An optional footbar capture is fixed at a superior end of a
modified jump board further capturing a footbar against it within a
footbar capture cavity defined by the footbar capture.
In one form, a load aperture is generally centered at a middle
upper center of a modified jump board and is defined by a tension
notch.
In one form, a pulley fixture is in the form of a pair of spaced
axle blocks.
In one form, a pulley fixture is fixed to a back side of modified
jump board using fasteners for positioning a redirection pulley
thereon. A pulley axle secures the fourth redirection pulley
therebetween positioning it along a central pulley axis.
In one form, a lower generally centered recoil notch on a modified
jump board provides for passage of a recoil tension member.
In one form, a recoil tension member comprises an elastic recoil
cord portion and a non-elastic cord portion.

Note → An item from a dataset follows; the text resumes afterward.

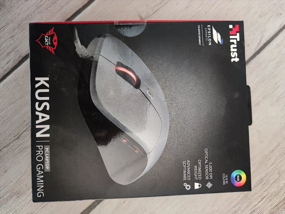Gri kablolu mouse, 5000 DPI optik sensör, optimize edilmiş ağırlık ve gelişmiş yazılım sunar. ️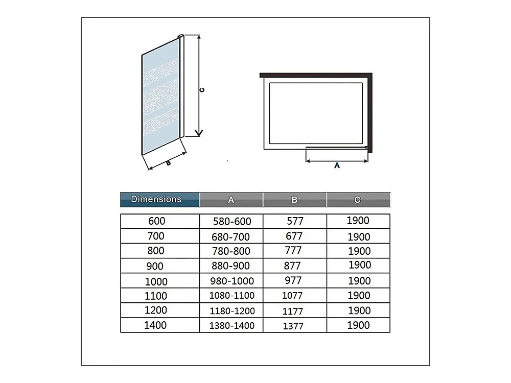 AICA inloopdouchewand 80x190cm, 6mm antikalk glas met horizontale zeefdrukbanden, uitschuifbare bevestigingsstang 70-120cm

In one form, a recoil pulley is aligned in generally the same plane
as a recoil bushing. The recoil pulley assists in directing a
recoil tension member through a recoil notch while assuring that
the corresponding recoil tension member is flatly wound and unwound
from the corresponding recoil bushing.
In one form, a free end of a recoil tension member is fixed. A
recoil tension member comprises a non-elastic portion fixed to a
surface of a recoil bushing, and an elastic portion that stretches
during a power stroke by a user thereby storing energy within it
until it uses this stored energy to rewind an elongate resistance
band during a user's return stroke.
In one form, an elongate resistance band is substantially
non-elastic and is fixed to a drive clutch on one end and
configured to receive forces from a user on an opposed end. These
forces may originate for example from one or more of; a hand/foot
loop, a row bar, a carriage, and other similar devices associated
with the machine that the elongate resistance band is coupled with.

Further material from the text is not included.